§ Brief: Only the stretch below from the line holding "Featured here is" through the line holding "к поездке в" should be restated, word for word and with both ends included; pictures stay out.

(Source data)

================================

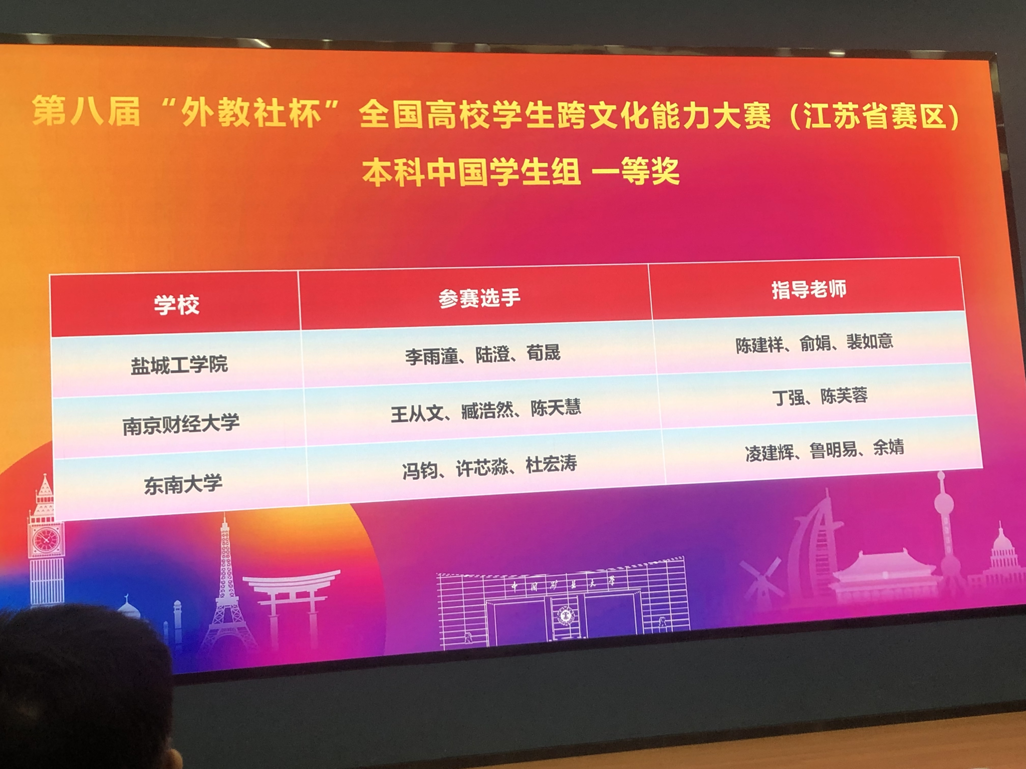 10月24至26日,第八届“外教社杯”全国高校学生跨文化大赛江苏省赛区比赛在中国矿业大学圆满落幕。由william威廉中文丁强副院长(主持工作)和陈芙蓉老师指导的王从文(国实2401班)、臧浩然(英专2401班)、陈天慧(贸经2401班)三位学子以“The Fusion Bottle”为题,进行了商务沟通案例的展示。他们凭借扎实的跨文化理论素养、沉着冷静的的出色现场表现与对东西方文化差异的深刻解读,从全省49支本科生参赛队伍中脱颖而出,斩获江苏省赛区一等奖。
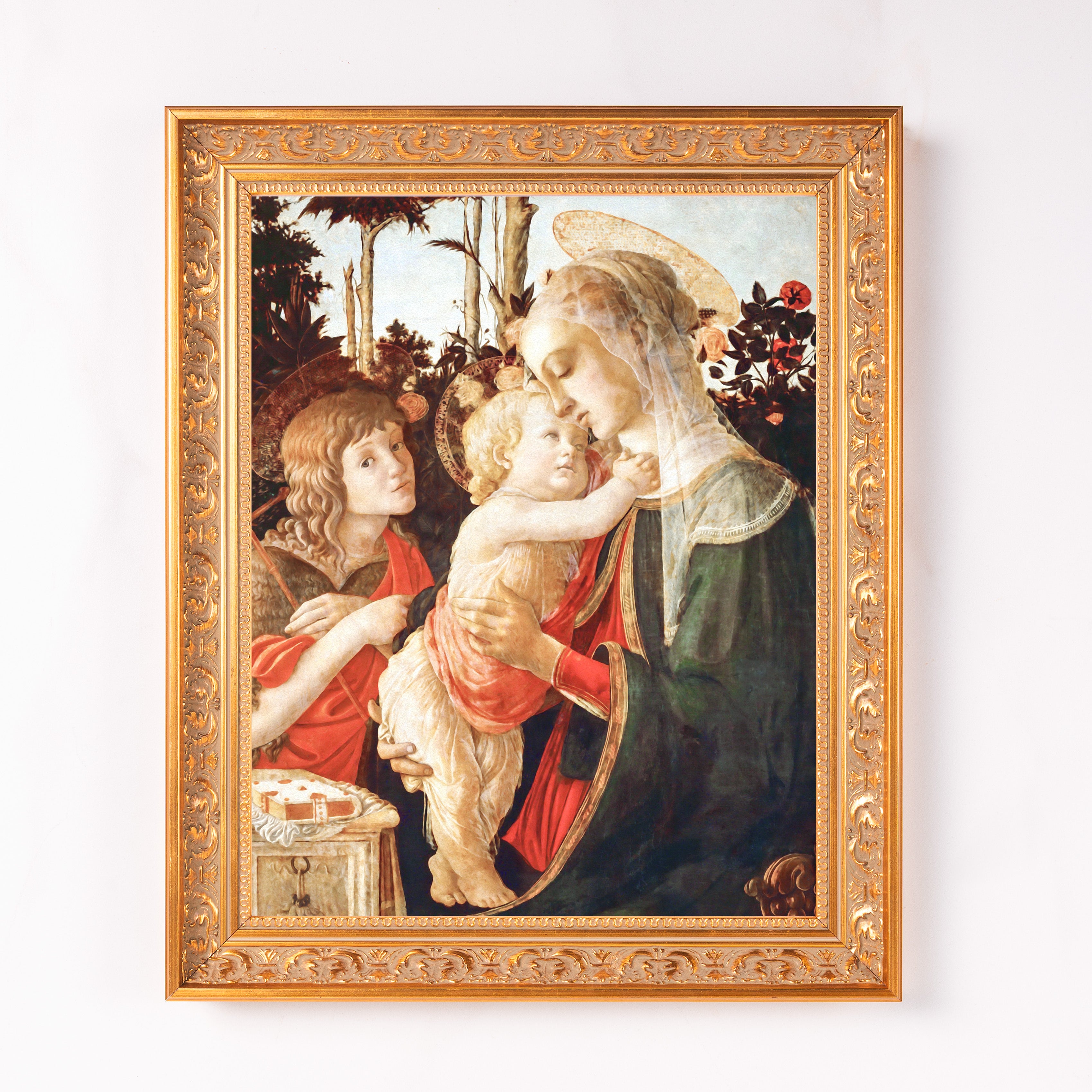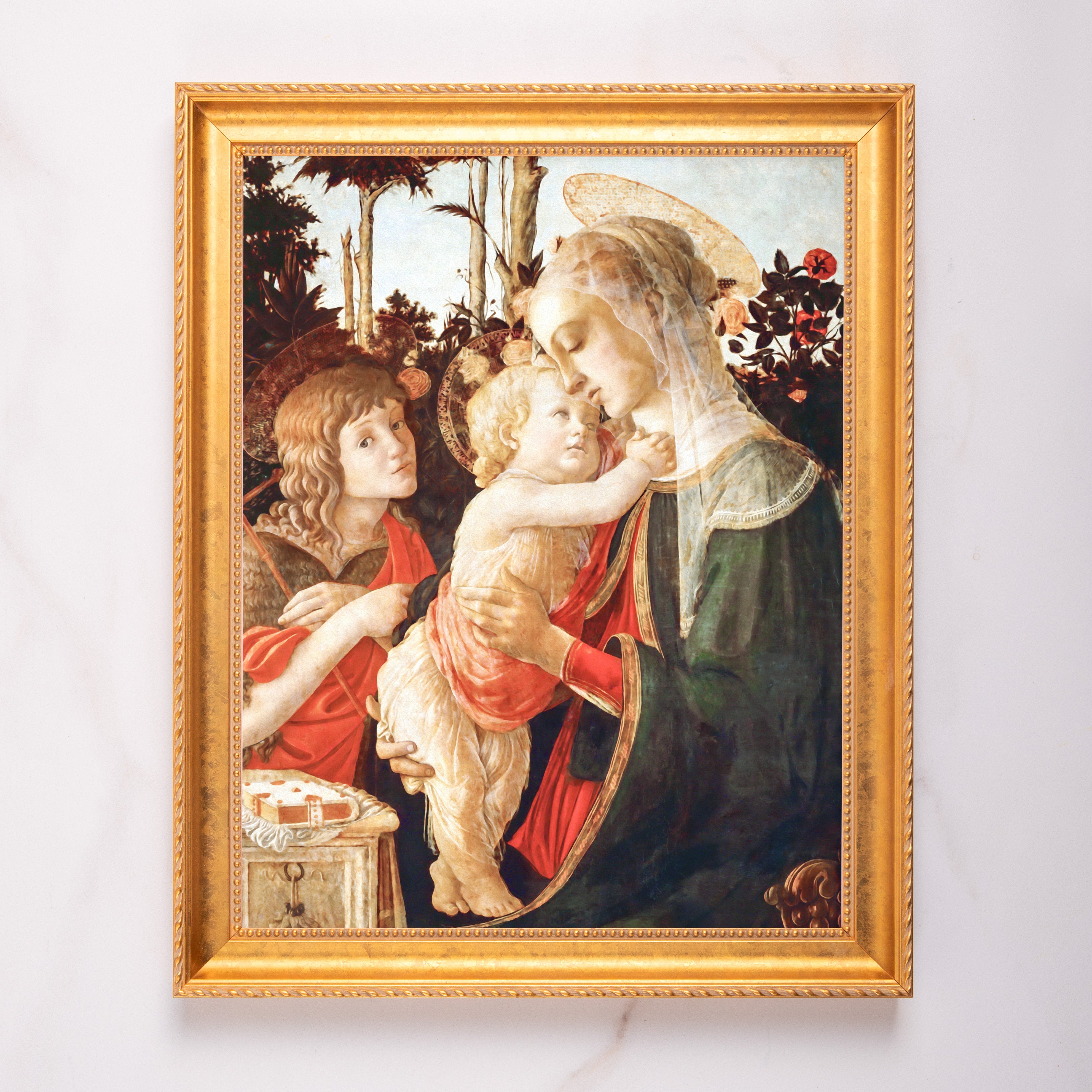 Featured here is Madonna & Child with St. John the Baptist, painted by Sandro Botticelli in 1467. Our Lady embraces the Infant Christ while a young St. John prays devoutly, eyes indicating a sense of what lies ahead. A reminder of Mary's motherly love and the sacrifice of St. John and the Christ, it's a striking image for devotion.
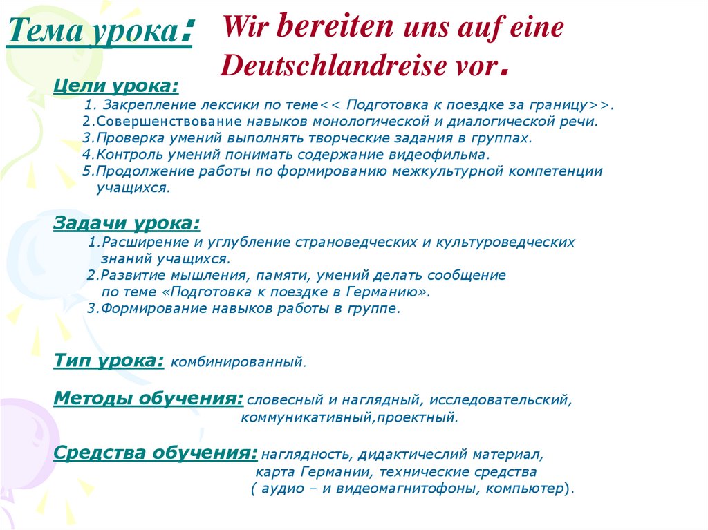 по теме «Подготовка к поездке в Германию».
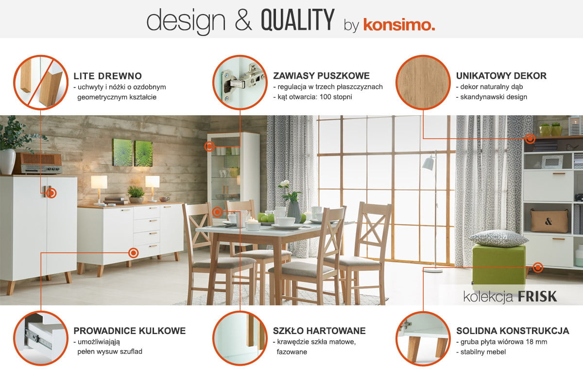 Die Designer der skandinavischen Kommode aus der FRISK-Kollektion haben nicht nur auf das Design, sondern auch auf höchste Qualität geachtet. Die Konstruktion wird von stabilen Beinen aus Massivholz unterstützt - dadurch ist die Kommode stabil und hält auch großen Belastungen stand. Die spezielle Befestigung der Rückwand verstärkt das Möbelstück zusätzlich, und die strapazierfähigen Scharniere, die in drei Ebenen verstellbar sind, erleichtern die Nutzung.
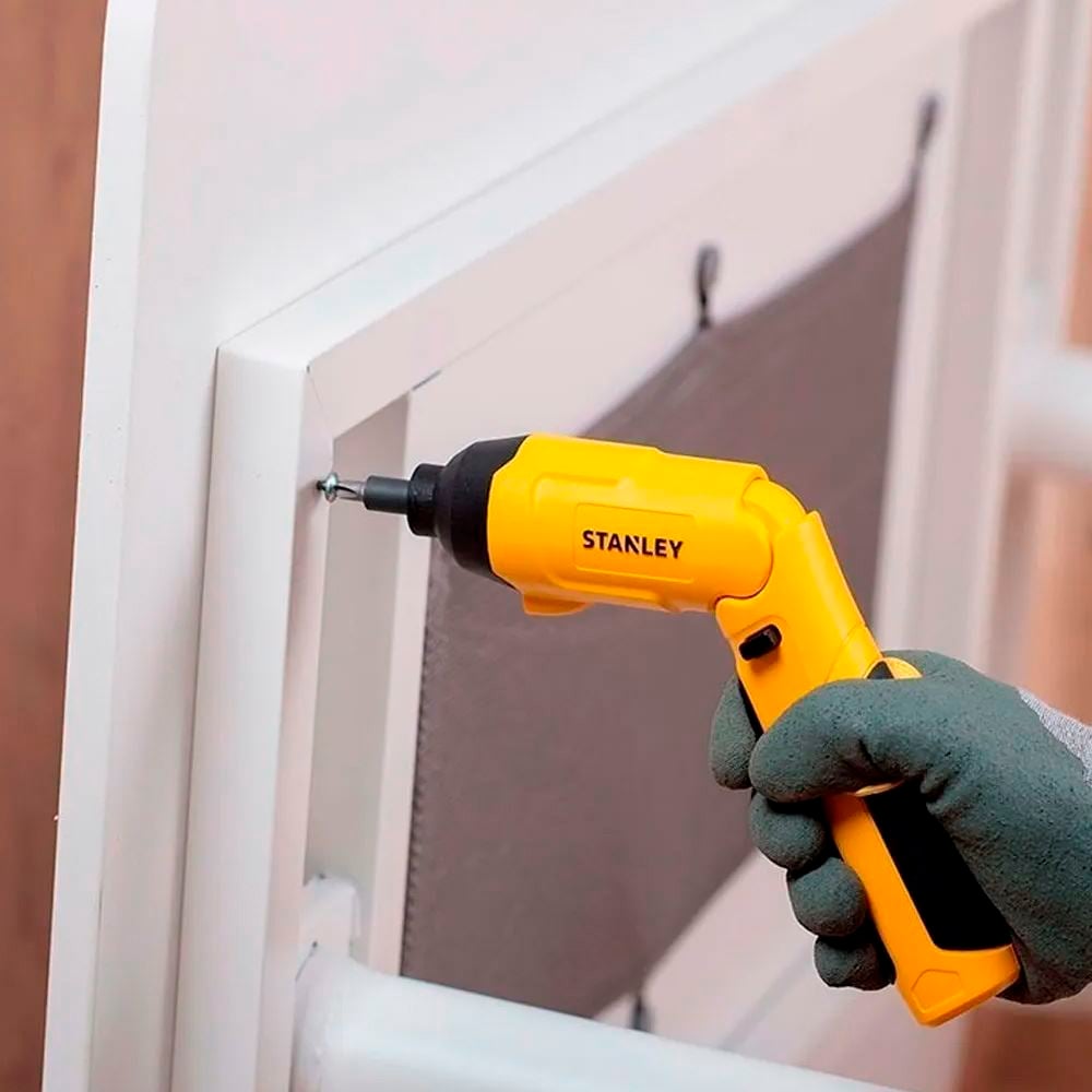 Taladro Atornillador Stanley 4v con motor de alto rendimiento y batería de 1.5 Ah recargable.

================================

§ Expected answer:
 Featured here is Madonna & Child with St. John the Baptist, painted by Sandro Botticelli in 1467. Our Lady embraces the Infant Christ while a young St. John prays devoutly, eyes indicating a sense of what lies ahead. A reminder of Mary's motherly love and the sacrifice of St. John and the Christ, it's a striking image for devotion.
 по теме «Подготовка к поездке в Германию».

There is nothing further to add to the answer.